26 Jan Changes for the 2015 Medicare Physician Fee Schedule (PFS)
On July 3, 2014, the Centers for Medicare and Medicaid Services (CMS) released changes for the upcoming 2015 Medicare Physician Fee Schedule (PFS). This report addresses changes to the PFS and other Medicare Part B payment policies.
Relative Value Units
The values for each medical procedure are set by CMS through the use of Relative Value Units (RVUs), which are multiplied by a conversion factor to account for geographical variants to decide what CMS is to pay for the medical procedure. During the past few decades, CMS provided a preliminary assessment of the SGR-related cut that is now required in the subsequent calendar year. A RVU has three components: physician work, physician expense, and malpractice expense. CMS uses a formula to combine these components into one unit. The figure is multiplied by the conversion factor to decide how much money Medicare is to pay out.
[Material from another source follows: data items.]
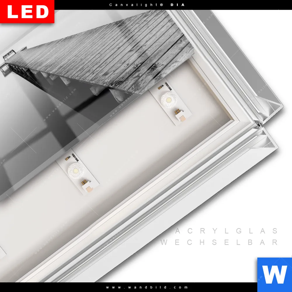 LED-Glasbild mit austauschbarem Acrylglas-Druck (Wechselbild)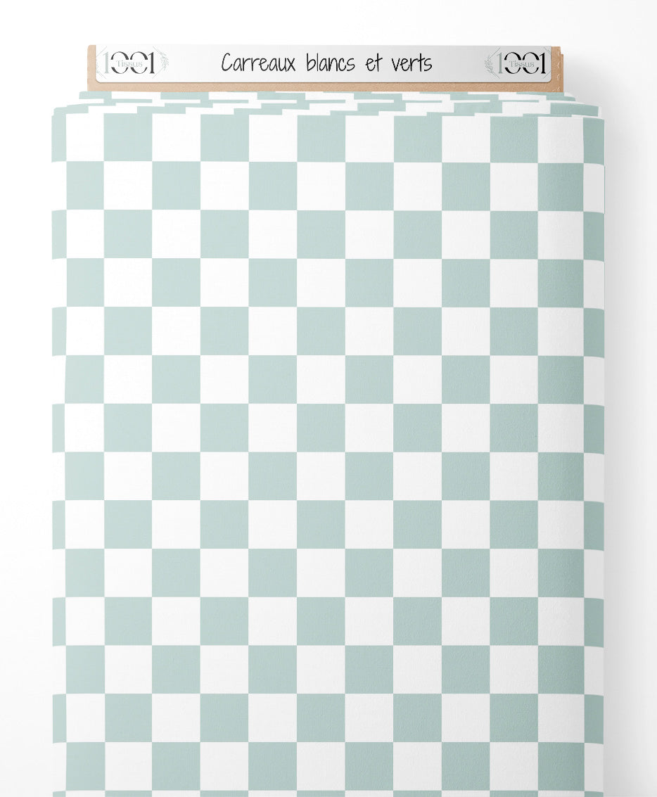 Carreaux blancs et verts sur fond uni. Motif géométrique simple et régulier.Les tissus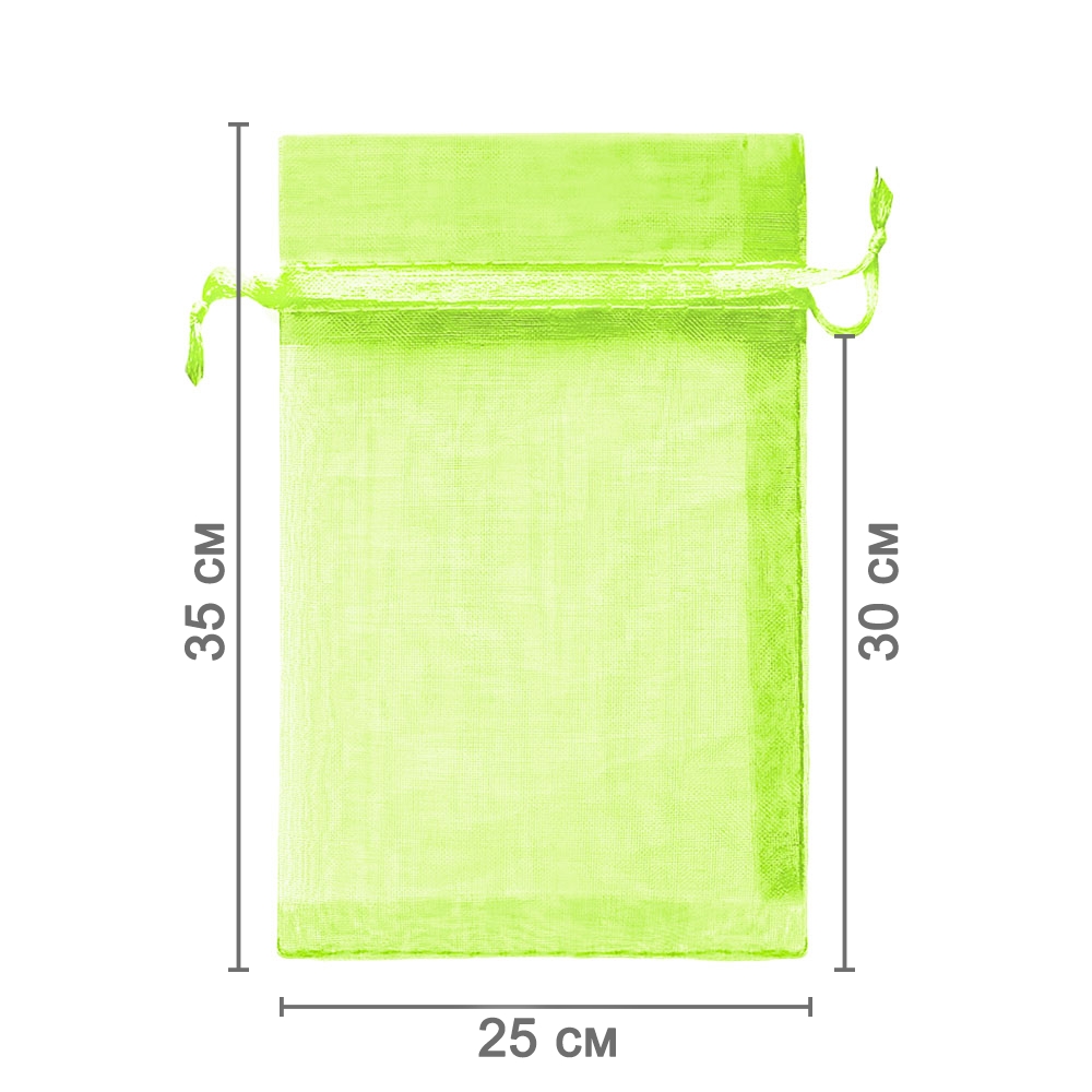 Мешочек из органзы 25 х 35 см — практичный аксессуар для упаковки крупных предметов и подарков. Лёгкая ткань подчёркивает содержимое и придаёт праздничный вид.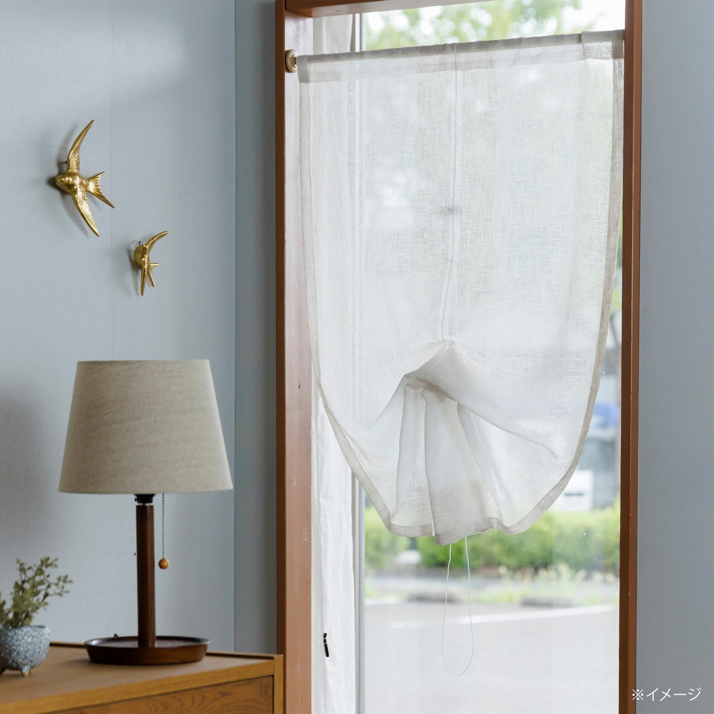 製品は絞った際にボトム部分がくじゃく(ピーコック)が羽を広げた状態のように見えるスタイルを採用。シンプルな麻長生地を使用し周りをフリルで彩ることで少しエレガンスさを表現したものとなっています。少しお部屋をエレガンスに飾りたい方へお勧めです。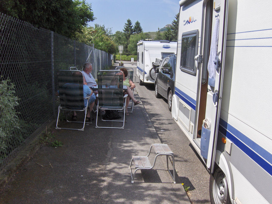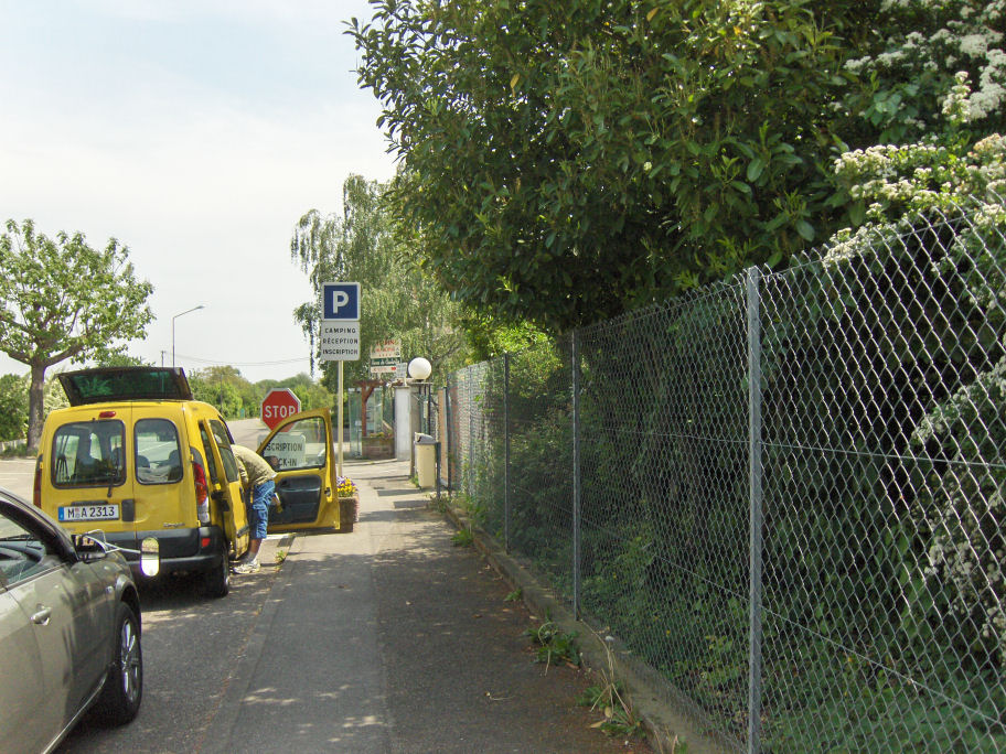 Ankomst til 'Camping Municipal Pierre de Coubertin', Ribeauville - der var middagslukket, så vi fik vores frokost i skyggen. 25 grader.

Complex Chronic Care Management
There is a new payment code for primary care providers for services that are not face-to-face, and for patients with two or more chronic conditions. This code is billable once a month, and CMS will pay $41.92 when it is billed. Chronic care management services include development and revision of a plan of care, medication management, and communication with other healthcare professionals.
Revalued Codes and Misvalued Services
CMS has the intent to not finalize any revalued codes until a public comment period is held, which is planned to occur by 2016. Also, CMS is required to identify codes that have been misvalued in the PFS, which involves around 80 codes. They want a review of the services that have Medicare-allowed charges of $10 million or more as a subset of codes under a priority category “codes that account for the majority of spending under the PFS.” This list includes stress echocardiography, transthoracic echocardiography, and cardiac monitoring device services.
CMS proposes, under the misvalued code initiative, to transform all 10- and 90-day global codes to 0-day global codes, which is planned to occur sometime in 2017. This is in response to the Office of the Inspector General (OIG) report regarding provision of follow-up evaluation and management services. The change is due to diversity of services, procedure settings, and payment models, as well as a lack of regular updates to pay rates for services.
The PFS reclassifies medical equipment costs for radiation therapy as an indirect expense rather than a direct expense. This change results in an 8 percent reduction in allowable charges for a radiation therapy center and a 4 percent reduction in radiation oncology.
On January 1, 2015, CMS will implement the Value Modifier, which is a value-based payment modifier. This will be phased in to all the eligible professionals by the year 2017. CMS will also increase the maximum positive payment adjustment, taking it from 2 to 4 percent. Decreases to the maximum negative payment adjustment are to go from -2 to -4 percent.
CMS has proposed to delete the exception in the Open Payments Program (under the Sunshine Act) for reporting any indirect payments by industry to physicians serving as faculty for certified continuing medical education. This will create more consistent reporting, and will allow consumers to have access to reported information.
Qualified Clinical Data Registry
There is a proposal for an eligible professional wishing to meet certain criterion for participation in the QCDR for 2017 PQRS payment adjustment report on three outcome measures. These measures include resource use, patient experience of care, and efficiency and appropriateness of use. There are a minimum number of measures the QCDR can report for the PQRS, just as there is a limit on the number of measures that the QDCR can submit on behalf of a qualified professional.